** TRY IT **
Could you repeat the whole listing below exactly, omitting any picture it holds?
• • • • • • •
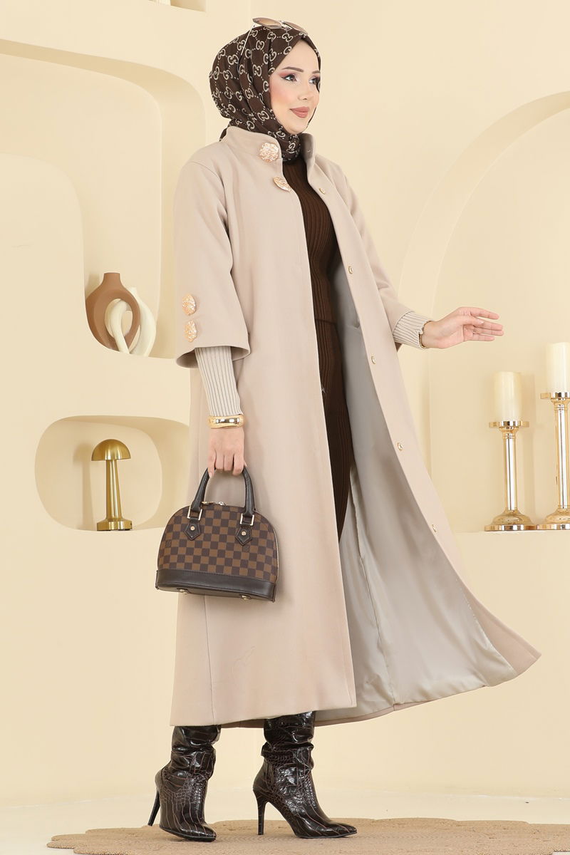 Yeni Sezon Triko Manşetli Kaşe Kaban
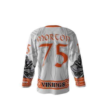 Vikings dye sublimated custom hockey jersey. You can customize with your name and number!
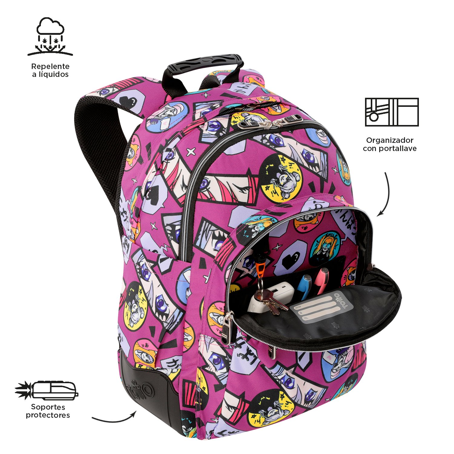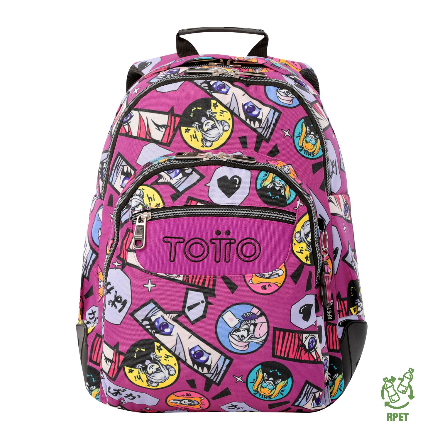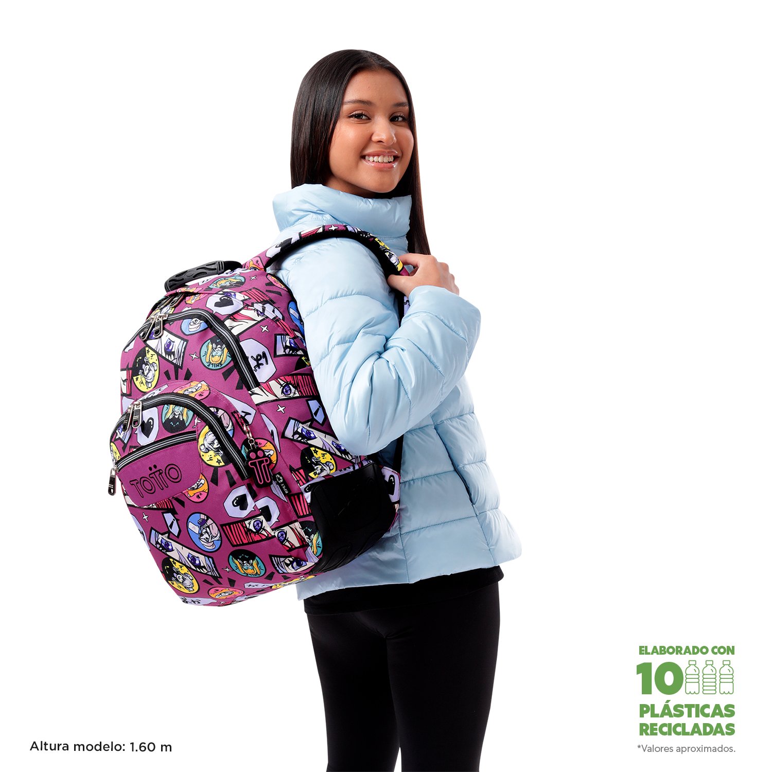 Choose functionality and sustainability! This student backpack features a 14-inch laptop compartment and a 20-liter capacity. Made from RPET canvas using 10 recycled plastic bottles, it includes an internal organizer with key holder, side pockets for a water bottle and umbrella, PVC protective base supports, and quick-access front pockets. Ergonomic shoulder straps with Air Mesh provide maximum comfort.
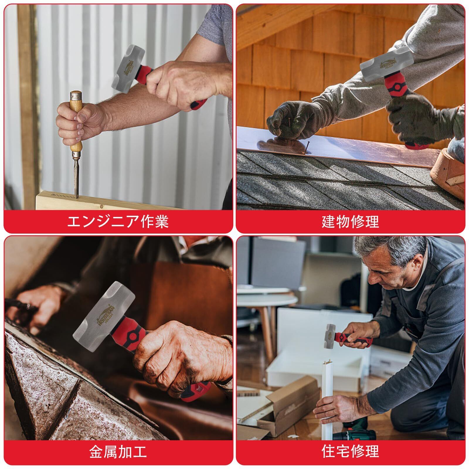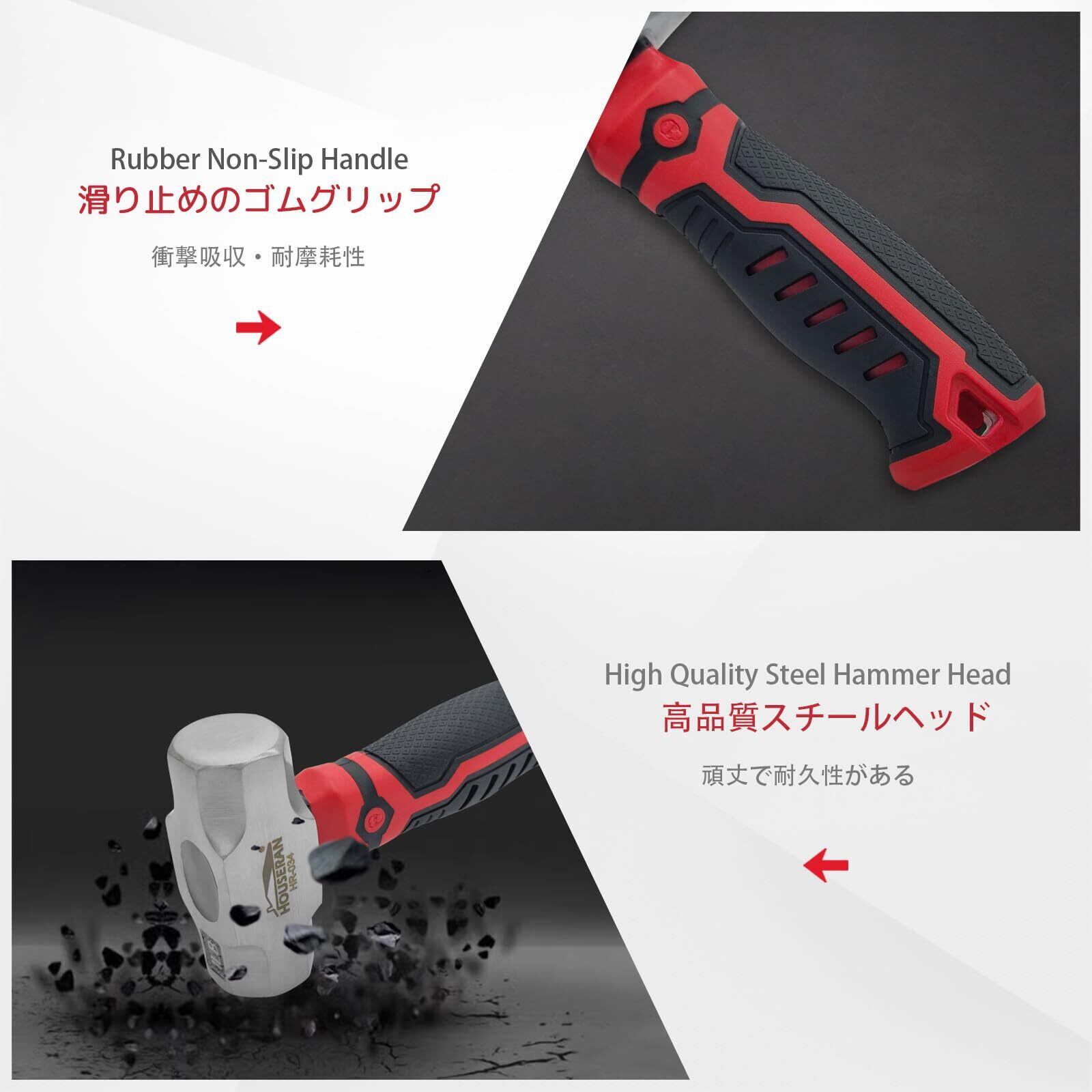 HOUSERAN 両口ハンマー 金槌 小型 ハンマー 石頭ハンマー 八角 かなづち かなずちハンマー 工具ハンマー ショートハンマー
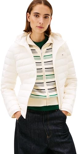 Tommy Hilfiger Stretch Nylon LW Down Jacket Ww0Ww47753 Doudoune, White (Ivory Silk), S Femme
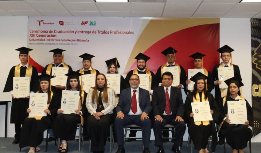 UPR-001-2026 Enero 08 de 2026 Miguel Alemán, Tamaulipas.– La Universidad Politécnica de la Región Ribereña (UPRR) entregó a la sociedad una nueva generación de profesionistas al celebrar la ceremonia de graduación de la XIII Generación 2021–2025 de los tres programas educativos que conforman la institución. Héctor Diez Rodríguez, rector de la universidad, señaló que un total de 39 graduados recibieron sus títulos profesionales, reflejo del esfuerzo, la constancia y el compromiso demostrados a lo largo de su trayectoria universitaria, así como del acompañamiento académico brindado por la comunidad educativa de…
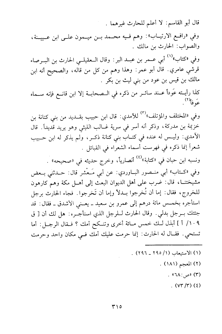 وفي "كتاب" أبي عمر بن عبد البر: وقال العقيلي الحارث بن البرصاء قرشي عامري.
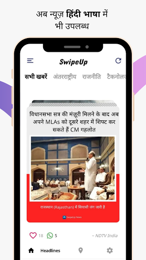 • SwipeUp curates all kinds of news and headlines from topics such as India, International, entertainment, business, technology, startups, the world, and sports - all in one place that fits your needs.
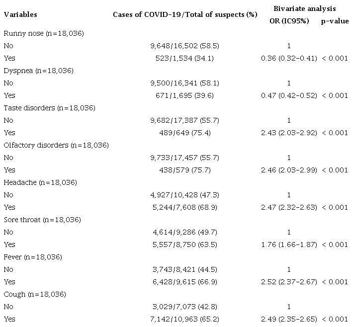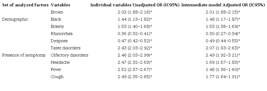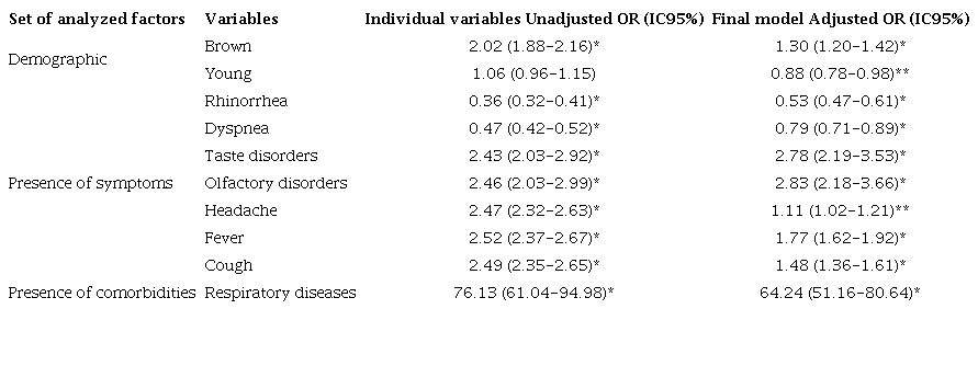 The demographic data showed that individuals of brown and black ethnicities, as well as elderly people, remained risk factors for COVID-19 (OR 2.01, CI 1.88-2.15; OR 1.48, CI 1.17-1.87; OR 1.53, CI 1.38-1.69, respectively). These results were consistent with the bivariate analysis. In terms of symptoms, taste and olfactory disorders, along with headache, cough and fever continued to be associated with COVID-19 in cases that did not require hospitalization (services in Basic Health Units). However, the statistical significance of most symptoms decreased in the intermediate logistic regression model. The final logistic regression model confirmed that individuals of brown ethnicity were 30% more likely to have COVID-19 within the scope of care at Basic Health Units (see table 4). Additionally, the age group corresponding to younger people was found to be a protective factor against COVID-19 (OR 0.88, CI 0.78-0.98).
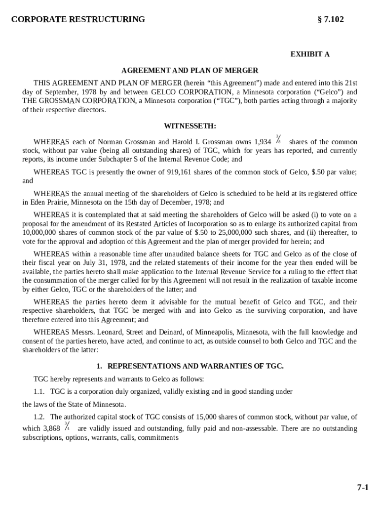 Identification of GELCO CORPORATION and THE GROSSMAN CORPORATION, along with their respective roles in the merger process.
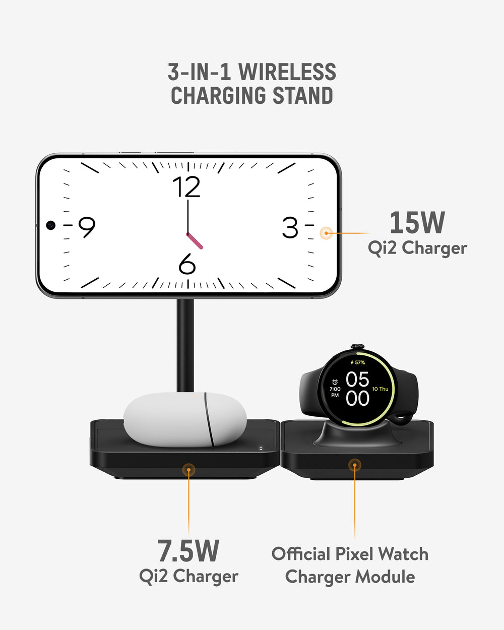 • Delivers up to 15W fast wireless charging for Qi2 and MagSafe® compatible phones and 5.6W contact charging for Pixel Watch 4.
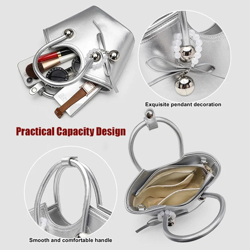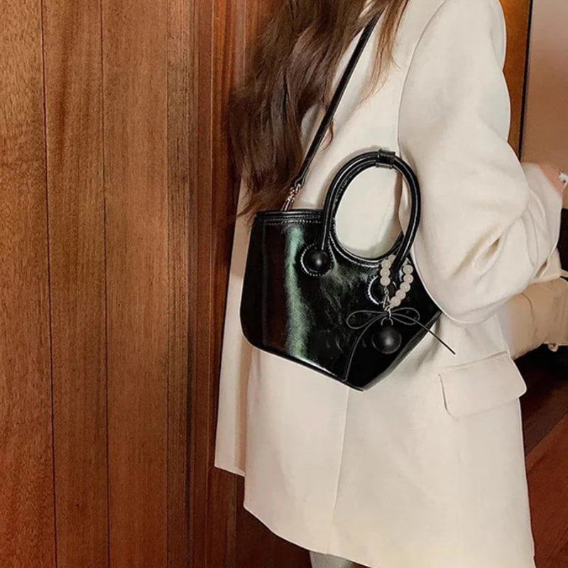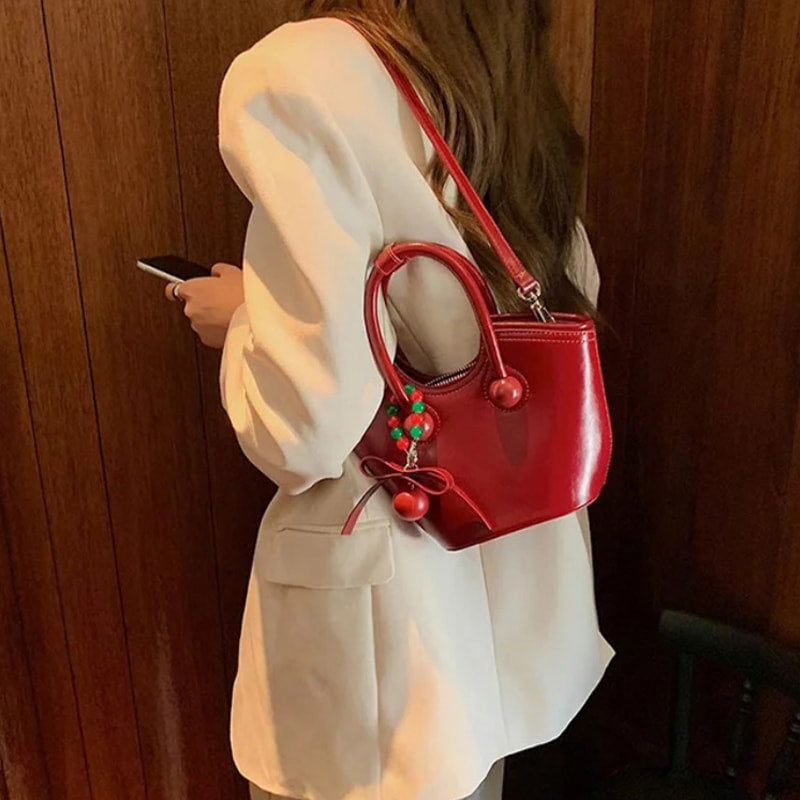 ELEGANCKI DETAL W POSTACI WISIENKI: Torebka posiada elegancką zawieszkę w kształcie wisienki, która dodaje wyjątkowego, zabawnego akcentu, czyniąc ją wyróżniającym się dodatkiem, który podniesie każdy strój swoim kapryśnym urokiem.
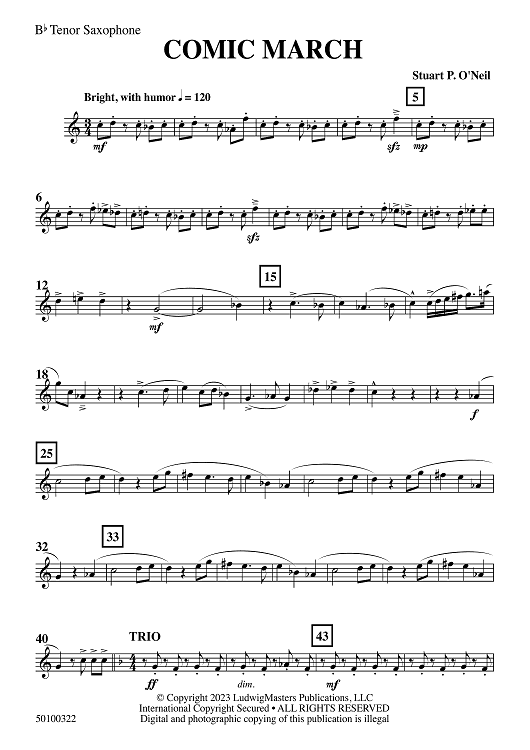 "Comic March - Bb Tenor Saxophone" Sheet Music by Stuart O'Neil
• • • • • • •
** REPLY TO THE EXERCISE **
 Yeni Sezon Triko Manşetli Kaşe Kaban
 Vikings dye sublimated custom hockey jersey. You can customize with your name and number!
 Choose functionality and sustainability! This student backpack features a 14-inch laptop compartment and a 20-liter capacity. Made from RPET canvas using 10 recycled plastic bottles, it includes an internal organizer with key holder, side pockets for a water bottle and umbrella, PVC protective base supports, and quick-access front pockets. Ergonomic shoulder straps with Air Mesh provide maximum comfort.
 HOUSERAN 両口ハンマー 金槌 小型 ハンマー 石頭ハンマー 八角 かなづち かなずちハンマー 工具ハンマー ショートハンマー
 Tommy Hilfiger Stretch Nylon LW Down Jacket Ww0Ww47753 Doudoune, White (Ivory Silk), S Femme
 UPR-001-2026 Enero 08 de 2026 Miguel Alemán, Tamaulipas.– La Universidad Politécnica de la Región Ribereña (UPRR) entregó a la sociedad una nueva generación de profesionistas al celebrar la ceremonia de graduación de la XIII Generación 2021–2025 de los tres programas educativos que conforman la institución. Héctor Diez Rodríguez, rector de la universidad, señaló que un total de 39 graduados recibieron sus títulos profesionales, reflejo del esfuerzo, la constancia y el compromiso demostrados a lo largo de su trayectoria universitaria, así como del acompañamiento académico brindado por la comunidad educativa de…
 وفي "كتاب" أبي عمر بن عبد البر: وقال العقيلي الحارث بن البرصاء قرشي عامري.
 • SwipeUp curates all kinds of news and headlines from topics such as India, International, entertainment, business, technology, startups, the world, and sports - all in one place that fits your needs.
 The demographic data showed that individuals of brown and black ethnicities, as well as elderly people, remained risk factors for COVID-19 (OR 2.01, CI 1.88-2.15; OR 1.48, CI 1.17-1.87; OR 1.53, CI 1.38-1.69, respectively). These results were consistent with the bivariate analysis. In terms of symptoms, taste and olfactory disorders, along with headache, cough and fever continued to be associated with COVID-19 in cases that did not require hospitalization (services in Basic Health Units). However, the statistical significance of most symptoms decreased in the intermediate logistic regression model. The final logistic regression model confirmed that individuals of brown ethnicity were 30% more likely to have COVID-19 within the scope of care at Basic Health Units (see table 4). Additionally, the age group corresponding to younger people was found to be a protective factor against COVID-19 (OR 0.88, CI 0.78-0.98).
 Identification of GELCO CORPORATION and THE GROSSMAN CORPORATION, along with their respective roles in the merger process.
 • Delivers up to 15W fast wireless charging for Qi2 and MagSafe® compatible phones and 5.6W contact charging for Pixel Watch 4.
 ELEGANCKI DETAL W POSTACI WISIENKI: Torebka posiada elegancką zawieszkę w kształcie wisienki, która dodaje wyjątkowego, zabawnego akcentu, czyniąc ją wyróżniającym się dodatkiem, który podniesie każdy strój swoim kapryśnym urokiem.
 "Comic March - Bb Tenor Saxophone" Sheet Music by Stuart O'Neil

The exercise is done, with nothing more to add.